We review claims of cruel and unusual post-trial punishment de novo. United States v. Wise, 64 M.J. 468, 473 (C.A.A.F.2007); United States v. Pena, 64 M.J. 259, 265 (C.A.A.F.2007). Absent evidence that the appellant has been subjected to one or more of certain enumerated punishments specifically prohibited by Article 55, UCMJ, we apply the same standard to claims of Eighth Amendment and Article 55, UCMJ violations. Pena, 64 M.J. at 265.4 To prevail, the appellant “must show: (1) an objectively, sufficiently serious act or omission resulting in the denial of necessities; (2) a culpable state of mind on the part of prison officials amounting to deliberate indifference to [his] health and safety; and (3) that he ‘has exhausted the prisoner-grievance system [and] petitioned for relief under Article 138, UCMJ, 10 [U.S.C.] § 938.’ ” United States v. Lovett, 63 M.J. 211, 216 (C.A.A.F.2006) (footnotes and citations omitted).

The appellant’s claim arises from his post-trial stay in a local civilian confinement facility, the Burlington County Jail, Mount Holly, New Jersey, and is supported by a personal affidavit. According to the appellant, he was held at the Burlington County facility for 23 days before being transferred to a military facility.5 During that time, the appellant avers he was:

1. Housed in a two-person cell with two other inmates, leaving nearly no room to move around;
2. Forced to sleep on a mat on the floor, in front of and touching the toilet, because [750]*750both beds were occupied by the other inmates;
3. Denied soap, deodorant, a razor, and toothpaste for 14.days as the result of a prison supply issue;
4. Exposed to second-hand marijuana smoke;
5. Denied a blanket for four days after another inmate stole his and “sold” it for cookies;
6. Denied medical assistance after he was accidentally hit with pepper spray when the guards tried to break up a fight between other inmates; and,
7. Denied a crutch, pain medication, and physical therapy for a documented back problem, causing him “severe daily pain.” Lack of a crutch also denied him access to the gym, library, and other unspecified activities afforded other prisoners because he could not use stairs without it.
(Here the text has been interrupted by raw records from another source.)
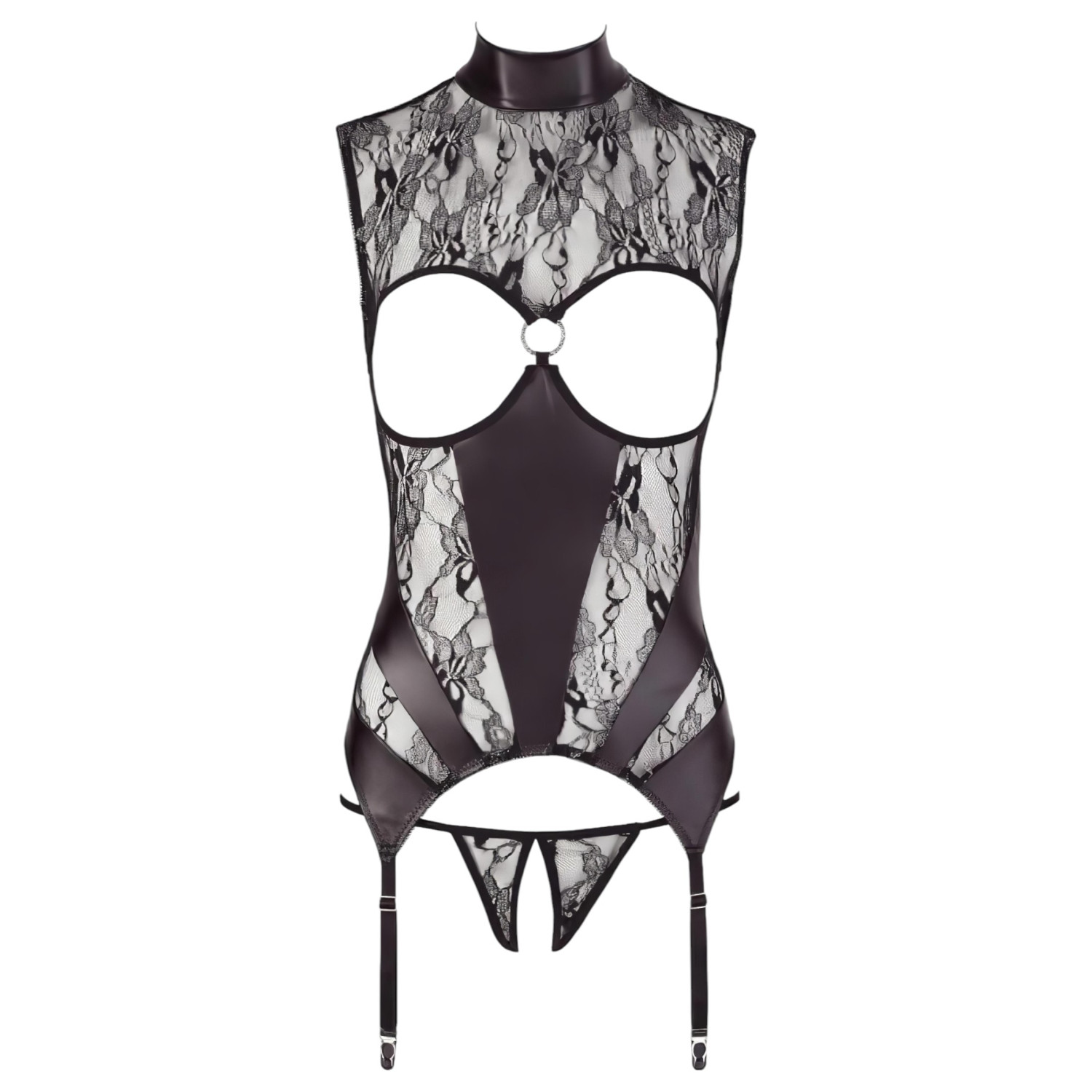 Den åpne bh-delen gir et utfordrende og sensuelt utseende, mens den ståkragen utstråler eleganse og raffinement. Den store rhinestone-ringen gir et unikt og spennende visuelt element, og de justerbare strømpeholderstroppene sørger for tilpasset passform. Settet inkluderer truser med åpen skritt som øker forførelseskraften.
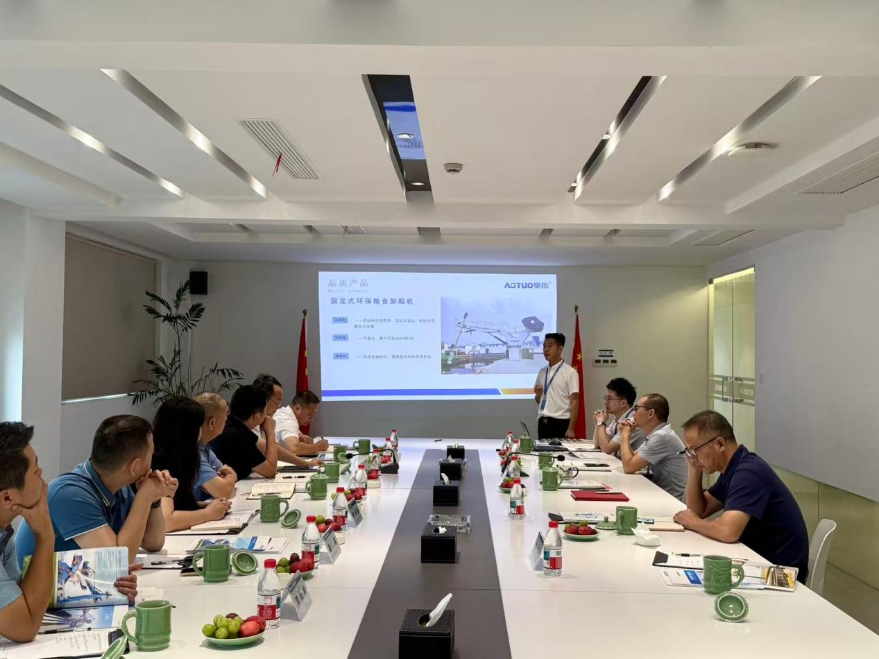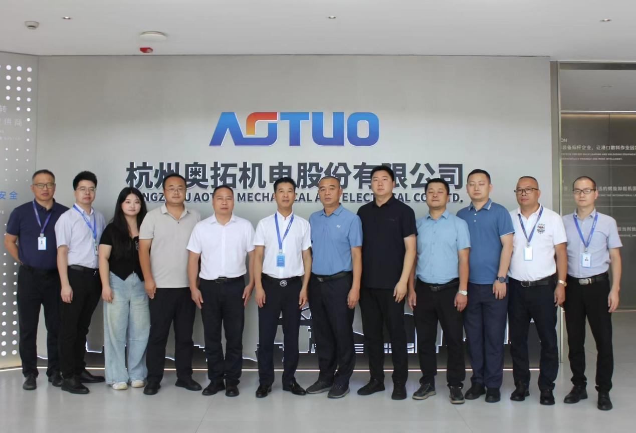 Recent, Yang Libin, membru al Comitetului de partid și director general adjunct al Grupului de transport și port Guizhou, a condus o delegație pentru o inspecție aprofundată și un schimb tehnic. Jigui Bo, președintele și președintele AOTUO, împreună cu echipa tehnică de bază, au găzduit delegația pe toată durata vizitei. Cele două părți s-au angajat în discuții ample pe subiecte precum echipamentele de manipulare a mărfurilor în vrac, procese, digitalizarea porturilor și soluții inteligente de logistică.
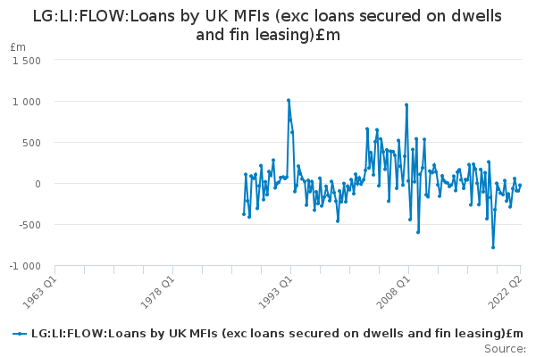 Download this time seriesLG:LI:FLOW:Loans by UK MFIs (exc loans secured on dwells and fin leasing)£m
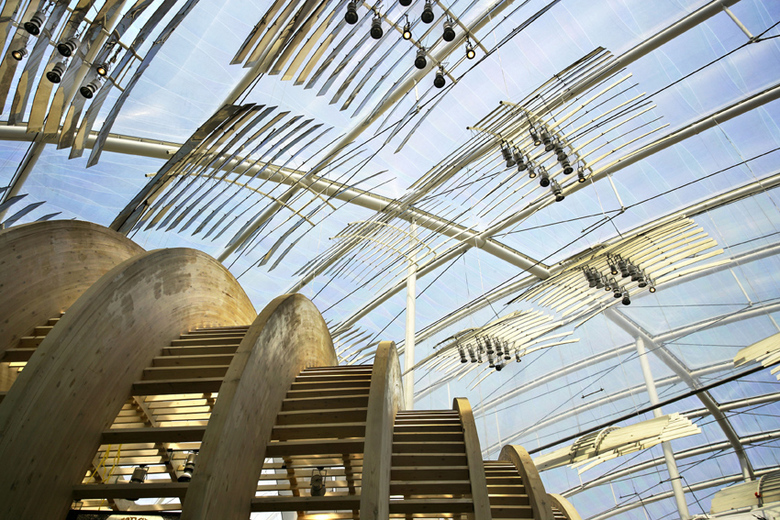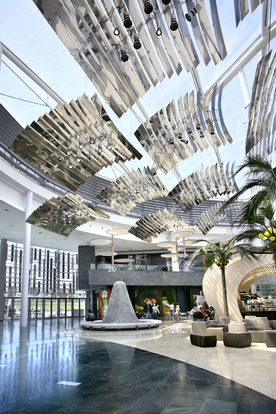 Regional shopping mall in a residential area to the southwest of Madrid, which will promote the expansion and improvement of the infrastructure in the area. Islazul has a public vocation: it is a place for gathering and social relations, an island conceived from respect for the environment and bio-climatic architecture. The project emphasizes this idea with volumes of curved profiles and rolling façades to define large spaces that are discovered as they are visited; bright spaces with natural elements and vegetation that create peaceful environments and walkways. One of the important elements of the building is the transparent ETFE roof, a state-of-the-art material allowing for large lightweight structures and climate control of the interior.

In addition, the appellant claims that inmates gave haircuts to other inmates without cleaning the razor between haircuts. However, the appellant does not state whether or not he personally had his hair cut in that manner.

Setting aside, fob the moment, the two medical treatment concerns, none of the other conditions enumerated by the appellant constitute cruel and unusual punishment under the standards established by our superi- or courts. While such conditions may very well have made the appellant less comfortable than he might have liked, neither the Eighth Amendment nor Article 55, UCMJ, mandate “comfortable prisons.” Farmer v. Brennan, 511 U.S. 825, 837, 114 S.Ct. 1970, 128 L.Ed.2d 811 (1994) (quoting Rhodes v. Chapman, 452 U.S. 337, 349, 101 S.Ct. 2392, 69 L.Ed.2d 59 (1981)); see also Pena, 64 M.J. at 265. Rather, the challenged conditions must constitute “objectively, sufficiently serious act[s] or omission[s]” that resulted in “an excessive risk to inmate health or safety” knowingly disregarded by prison officials. Lovett, 63 M.J. at 215-16 (quoting Brennan, 511 U.S. at 837, 114 S.Ct. 1970). Accepting the appellant’s assertions at face value, the conditions he describes simply do not rise to that level.6

Turning to the asserted medical concerns, we note that “[djenial of adequate medical attention can constitute an Eighth Amendment or Article 55[, UCMJ,] violation.” United States v. White, 54 M.J. 469, 474 (C.A.A.F.2001) (citing United States v. Sanchez, 53 M.J. 393, 396 (C.A.A.F.2000)). However, medical care provided to inmates need only be reasonable, not “perfect” or “the best obtainable.” Id. at 475 (quoting Harris v. Thigpen, 941 F.2d 1495, 1510 (11th Cir.1991)).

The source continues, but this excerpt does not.